A World with No Backup Plan

Digital systems and AI are taking over many functions before software designers can make them fail-safe. Is there time to fix this?



See the new issue of Briefings magazine, available at newsstands and online.

American Airlines executives (and hundreds of thousands of the carrier’s passengers) got a serious scare late last November. As the Christmas travel season began, the airline found it had no pilots for 15,000 flights scheduled for the last two weeks of 2017. The problem was—as it often is nowadays—a software glitch. The airline’s algorithm for matching planes and flight crews should have granted time off in accordance with schedule needs and seniority. Instead, it gave time off to any pilot who had put in a request. There was no procedure in place to repair the breach.

Fortunately, American was able to come up with a fairly low-tech solution to a modern-age problem: bring humans in to improvise a solution. The company offered pilots 150 percent of their normal pay to work unstaffed flights, and quickly negotiated other details of an emergency plan with the flight crews’ union.

Another day, another glitch. It was a fairly typical digital hiccup, the sort of which we’re all getting accustomed around the developed world. In organizations, such mishaps ground flights, shut down phone systems, mislead medical devices or crash autonomous vehicles. In private lives, the same phenomenon freezes video calls and creates those moments when you try to type “but maybe I’ll come” and find your instant message “corrected” to read “Bugs Mugabe will cope.”
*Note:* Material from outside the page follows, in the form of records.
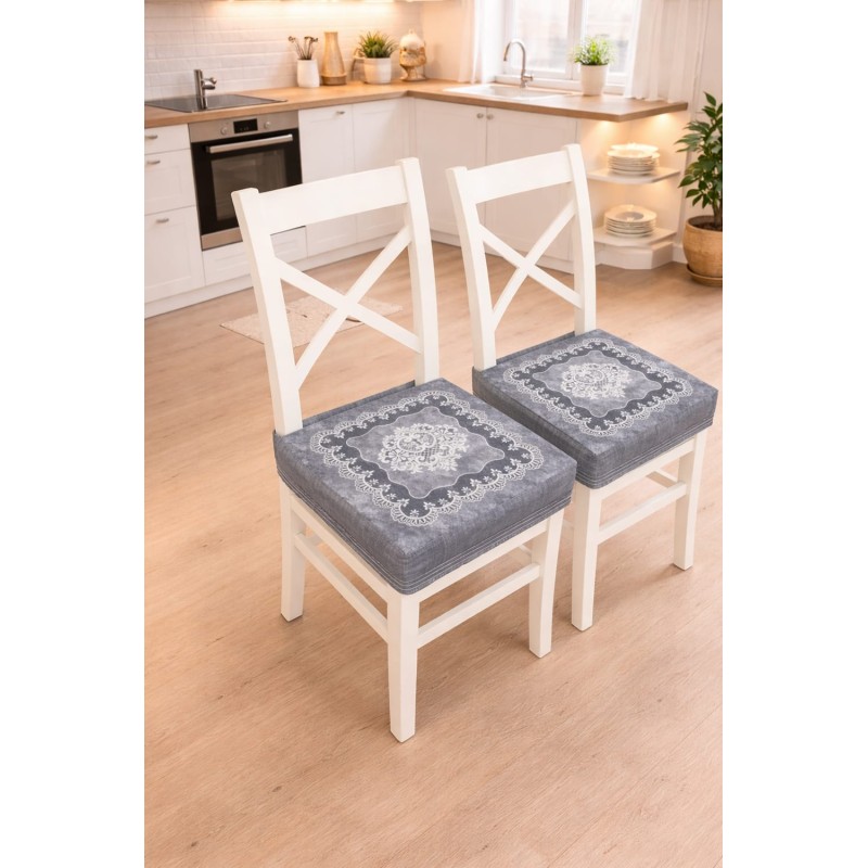 Il vesto cuscino sedia della Linea Reprodè in tessuto Fiammetta è la soluzione ideale per rinnovare le sedie di cucina e sala da pranzo con stile e praticità. Il raffinato motivo a pizzo con medaglione centrale su sfondo effetto vintage dona un aspetto shabby chic di grande impatto decorativo. Venduto in coppia con fascia elastica perimetrale, si applica in pochi secondi e si adatta a cuscini di varie dimensioni. Disponibile in 7 colorazioni – ottanio, bianco/nero, beige, grigio, rosa, antracite e tortora – per abbinarsi a ogni arredo. Il tessuto Fiammetta garantisce morbidezza, resistenza e facilità di lavaggio.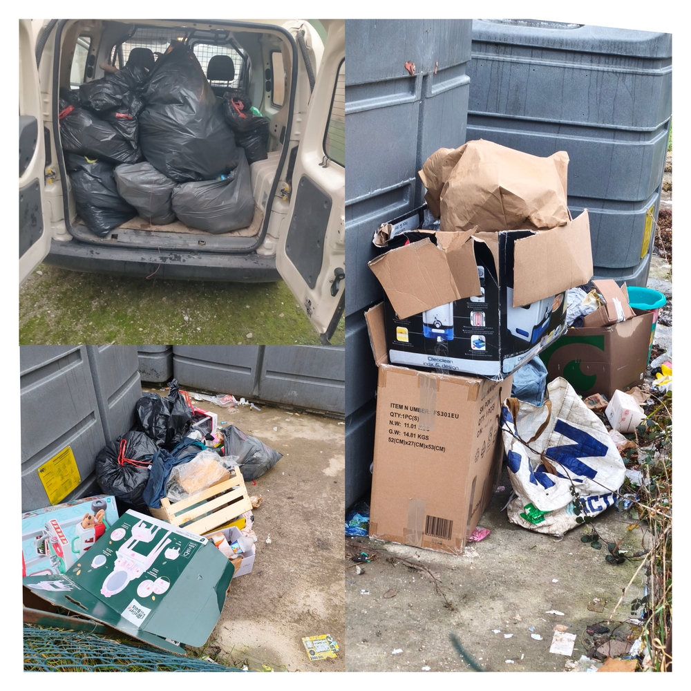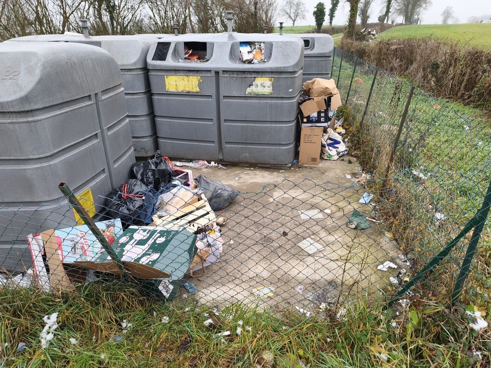Noël est passé et les cartons et cadeaux ont été ouverts, ce qui n’excuse en rien que ces détritus se retrouvent à côté et non dans les points d’apport volontaires (PAV), ou même à la déchetterie qui se situe a 3 km, en plus des bidons, cartons, boîtes de lait…
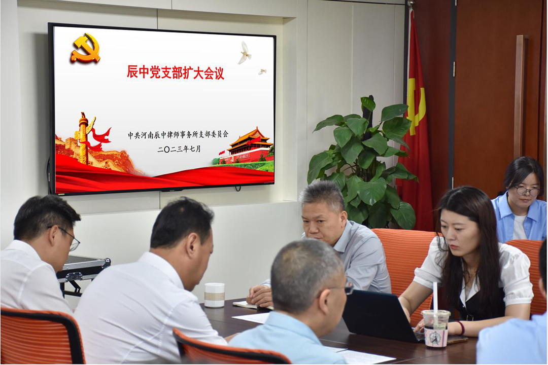 2023年7月7日上午,河南辰中律师事务所党支部扩大会议在辰中党员之家召开。本次会议由党支部书记杨琛主持,全所律师通过线上或线下方式参加了会议。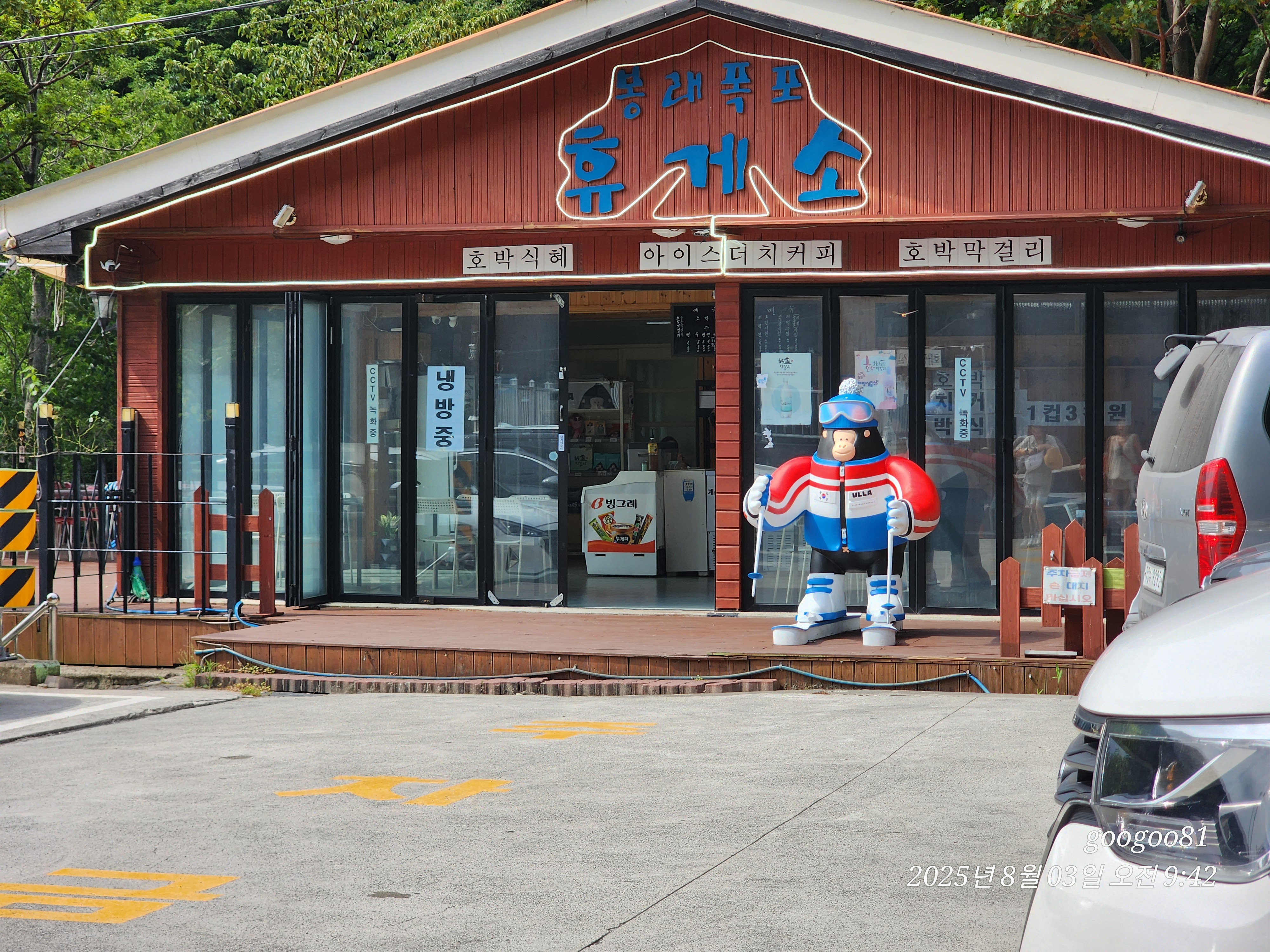 봉래폭포로 향하는 길은 초록빛 나무들로 가득했어요. 길가에는 '호박막걸리'나 '호박식혜' 등을 파는 휴게소들이 많아서 잠시 쉬어가기 좋았습니다.

We shouldn’t be too quick to get used to these surprises. All these supposedly minor incidents add up to a major problem that is worsening with every new step toward a completely digitalized society: More and more often, complex systems of software and hardware fail unexpectedly. And when they do, we discover there is no Plan B and no safety net.

The incidents are increasing as we further digitize our lives and connect more of our tools into one infinitely complicated web. As the science writer Fred Guterl has noted, in 21st-century society, all important infrastructure is computer-controlled, waterways as much as airports. Getting a barge down a river, he says, depends on “water-level monitoring, navigation, signaling and locks—all of which are in some way under computer control. Even the rivers are digital.”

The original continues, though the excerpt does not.